マグミクス / 2022年1月24日 11時50分

妙に親近感がわく、マンガの「地球外生物」たち 地球を満喫しすぎ?

■常識も地球外ゆえにドタバタ満載

 マンガの世界に登場する地球外生物たちは、人間世界の常識が通用しなくてもOKなため、物語を広げるには欠かせない存在です。漫画家にとっては創造力のみせどころ。限りないアイデアで驚きの地球外生物を生み出しては、私たちを楽しませてくれています。

 なかには、地球に居着いて地球生活を満喫する生物たちも。この記事では、近くにいたらなんか楽しそうだなぁ……とも思える、印象深い地球外生物を紹介します。

●セクシーなおしかけ婚約者「ラムちゃん」

 2022年、36年ぶりのTVアニメ化が発表された高橋留美子先生のデビュー作『うる星やつら』。1978年に連載が始まって以来、44年も愛されている国民的人気作ですが、その魅力はなんといっても、ヒロインである鬼っ娘のラムちゃんにあるでしょう。

 物語は主人公の高校生・諸星あたるが、地球侵略を企む宇宙人・鬼族との鬼ごっこ一騎打ち代表に指名されたことから始まります。地球を賭けた戦いが鬼ごっことは、なかなかにぶっ飛んだストーリーですが、そのポップさが作品の軽妙なテイストを表しています。

 そして、あたるの鬼ごっこの相手こそが、ラムちゃん。戦い中にあたるは恋人への思いを叫ぶのですが、ラムちゃんはそれを自分へのプロポーズと勘違いしてしまい……以来、ラムちゃんはあたるの押しかけ婚約者として地球に住み着くことになったのです。

 頭に小さな2本のツノを生やし、虎柄のビキニを着たグラマラスなラムちゃんは、まわりのみんなが認める美少女なのですが、あまりパッとしないあたるにゾッコン。あたるが浮気心を見せるたびに電撃攻撃はするものの、一度「ダーリン」と決めたら脇目も振らずに尽くす姿は、男性にとっては理想の女性像ではないでしょうか(……なんて言ったら、この時代、怒られてしまうかもしれませんが)。
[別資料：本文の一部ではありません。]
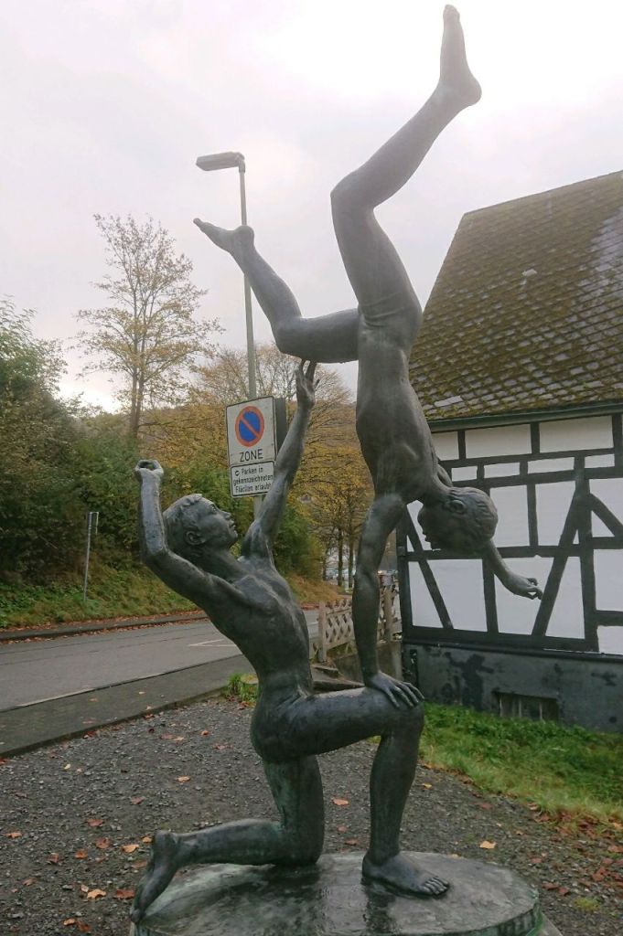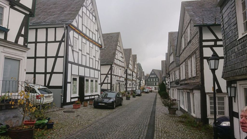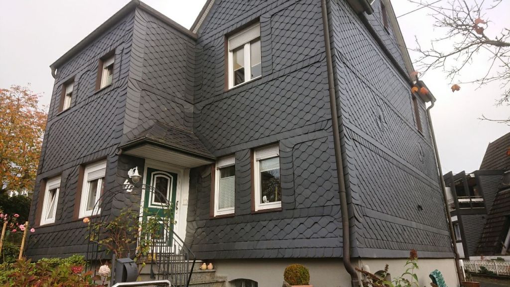 Die Frontseiten der Häuser sind hier meist mit Schiefer verkleidet, manche Häuser sind auch vollständig von Schiefer eingefasst. Siegerland und Bergisches Land gehören ja bekanntlich zum Rheinischen Schiefergebirge, auf den Wegen kommen wir auch immer wieder über steinige Passagen aus Schiefer.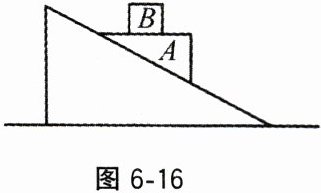 5. 如图 6 - 16 所示,斜劈 A 放在固定的斜面上,其上表面水平,物体 B 放在 A 上,在 A 和 B 一起沿斜面匀速下滑的过程中( )。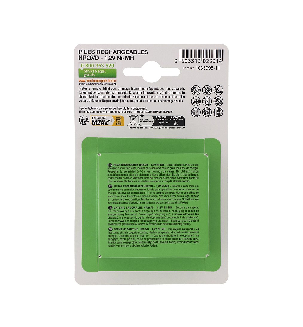 Libellé 2 piles rechargeables HR20/D 3000 mAh - Sélection d'Experts - Foxter

 語尾に「だっちゃ」や「ちゃ」をつけるラムちゃん言葉もかわいくて、連載やアニメを見てマネした人も多かったことでしょう。実はこの言葉、作者の高橋先生が好きな小説『青葉繁れる』(井上ひさし)に出てくる仙台の言葉を使ったのだそうですが、グッと親近感を感じさせてくれました。新作アニメで、またラムちゃん言葉が聞けるのが楽しみですね。

■衝撃のビジュアル…なのに抜群の「地球なじみ」感

●ビジュアルも言動もコミカルな「ニコちゃん大王」

 鳥山明先生の連載デビュー作『Dr.スランプ』は強烈キャラの宝庫ですが、なかでもビジュアル的に群を抜いて強烈なのが、宇宙海賊のニコちゃん大王です。顔に手足が生えたような身体のため、初めて見たアラレちゃんには「カオばっかし!」と言われてしまいます。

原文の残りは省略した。